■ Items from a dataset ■
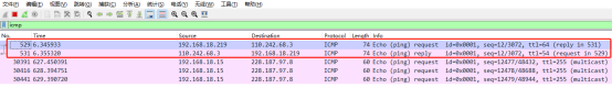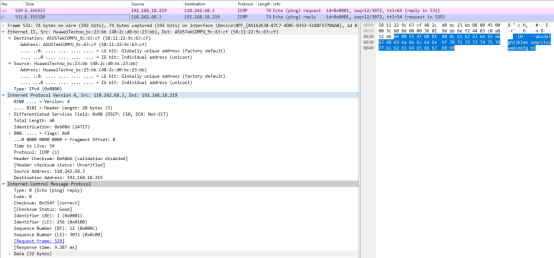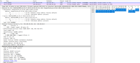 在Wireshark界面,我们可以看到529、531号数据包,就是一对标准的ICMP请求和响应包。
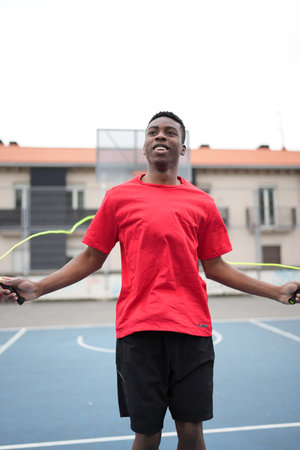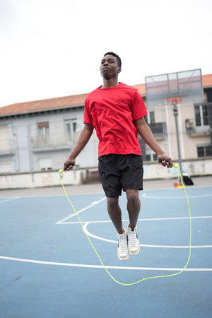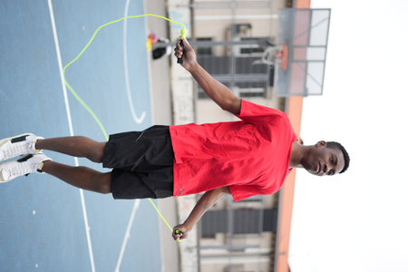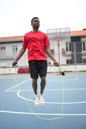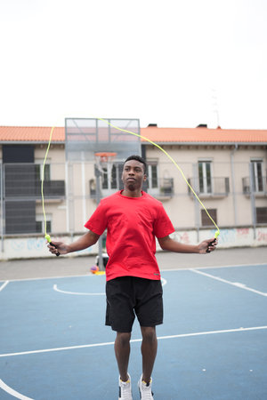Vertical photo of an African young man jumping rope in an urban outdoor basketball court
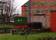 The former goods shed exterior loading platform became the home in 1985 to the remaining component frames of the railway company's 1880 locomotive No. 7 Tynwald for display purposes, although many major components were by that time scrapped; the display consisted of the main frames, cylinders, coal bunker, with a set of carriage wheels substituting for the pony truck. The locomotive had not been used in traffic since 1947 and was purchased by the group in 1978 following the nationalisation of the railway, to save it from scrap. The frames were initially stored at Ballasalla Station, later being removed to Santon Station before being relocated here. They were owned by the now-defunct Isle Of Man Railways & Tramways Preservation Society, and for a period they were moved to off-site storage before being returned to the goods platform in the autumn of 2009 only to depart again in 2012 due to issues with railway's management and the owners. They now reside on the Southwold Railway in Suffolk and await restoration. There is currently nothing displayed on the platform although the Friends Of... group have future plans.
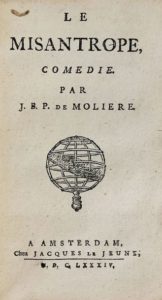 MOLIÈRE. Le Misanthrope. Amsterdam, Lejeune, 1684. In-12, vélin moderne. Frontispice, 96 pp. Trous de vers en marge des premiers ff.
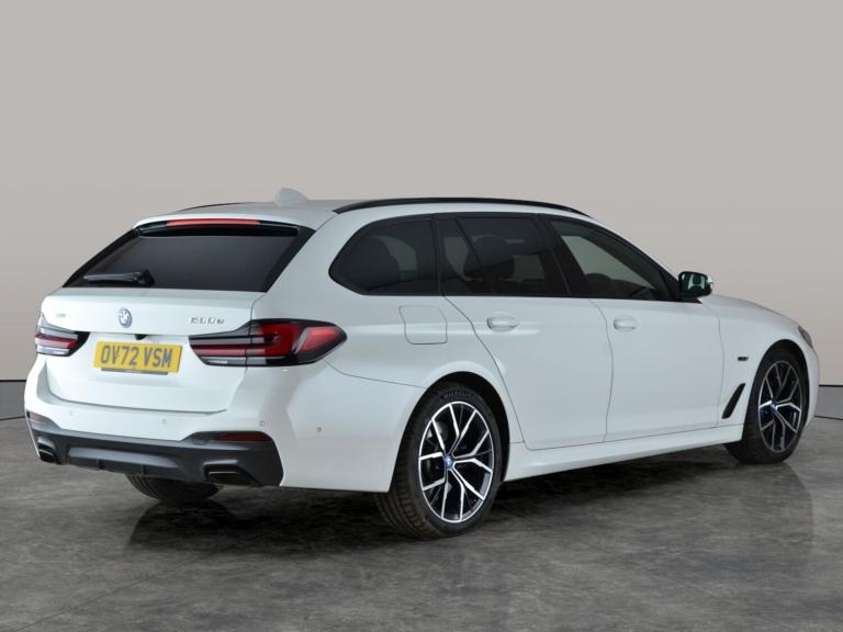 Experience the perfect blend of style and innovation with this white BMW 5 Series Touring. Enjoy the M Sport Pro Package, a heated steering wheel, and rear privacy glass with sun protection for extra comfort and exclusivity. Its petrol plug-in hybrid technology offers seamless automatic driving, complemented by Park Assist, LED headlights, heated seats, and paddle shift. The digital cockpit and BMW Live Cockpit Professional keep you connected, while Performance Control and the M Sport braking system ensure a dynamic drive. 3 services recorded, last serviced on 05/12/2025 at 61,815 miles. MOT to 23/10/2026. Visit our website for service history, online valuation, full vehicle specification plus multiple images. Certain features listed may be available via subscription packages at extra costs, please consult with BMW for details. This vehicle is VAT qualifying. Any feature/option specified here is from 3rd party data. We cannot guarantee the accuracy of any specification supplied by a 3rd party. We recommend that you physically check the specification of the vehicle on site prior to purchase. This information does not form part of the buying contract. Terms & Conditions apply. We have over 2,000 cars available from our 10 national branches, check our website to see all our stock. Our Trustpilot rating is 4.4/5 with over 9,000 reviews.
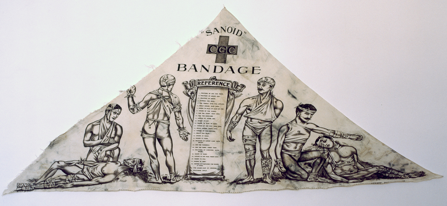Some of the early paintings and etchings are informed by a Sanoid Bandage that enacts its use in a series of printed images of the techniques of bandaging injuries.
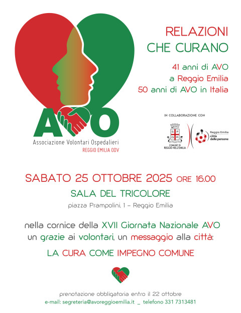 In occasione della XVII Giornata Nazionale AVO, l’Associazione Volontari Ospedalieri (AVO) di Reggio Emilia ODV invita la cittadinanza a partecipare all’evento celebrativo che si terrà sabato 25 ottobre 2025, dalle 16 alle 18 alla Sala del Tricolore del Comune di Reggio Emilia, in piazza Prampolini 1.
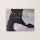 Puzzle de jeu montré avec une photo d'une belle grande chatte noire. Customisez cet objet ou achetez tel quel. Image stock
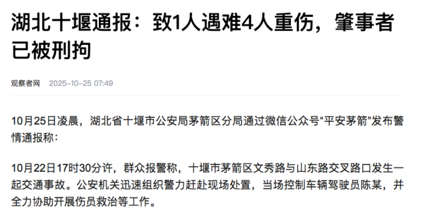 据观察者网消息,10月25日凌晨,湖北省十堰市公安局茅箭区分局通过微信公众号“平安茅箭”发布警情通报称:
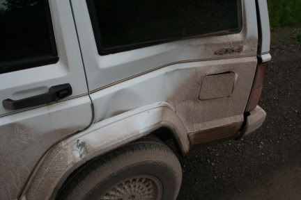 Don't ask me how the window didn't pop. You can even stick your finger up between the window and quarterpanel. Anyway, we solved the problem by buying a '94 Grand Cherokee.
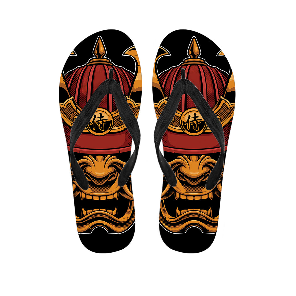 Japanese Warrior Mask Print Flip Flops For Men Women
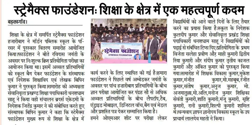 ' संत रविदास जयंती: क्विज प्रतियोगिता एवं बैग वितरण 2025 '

■ Exercise aim ■
Return the lines above from the one with "In occasione della" through the one with "据观察者网消息,10月25日", verbatim and nothing else. Omit every picture.

■ Exercise result ■
 In occasione della XVII Giornata Nazionale AVO, l’Associazione Volontari Ospedalieri (AVO) di Reggio Emilia ODV invita la cittadinanza a partecipare all’evento celebrativo che si terrà sabato 25 ottobre 2025, dalle 16 alle 18 alla Sala del Tricolore del Comune di Reggio Emilia, in piazza Prampolini 1.
 Puzzle de jeu montré avec une photo d'une belle grande chatte noire. Customisez cet objet ou achetez tel quel. Image stock
 据观察者网消息,10月25日凌晨,湖北省十堰市公安局茅箭区分局通过微信公众号“平安茅箭”发布警情通报称:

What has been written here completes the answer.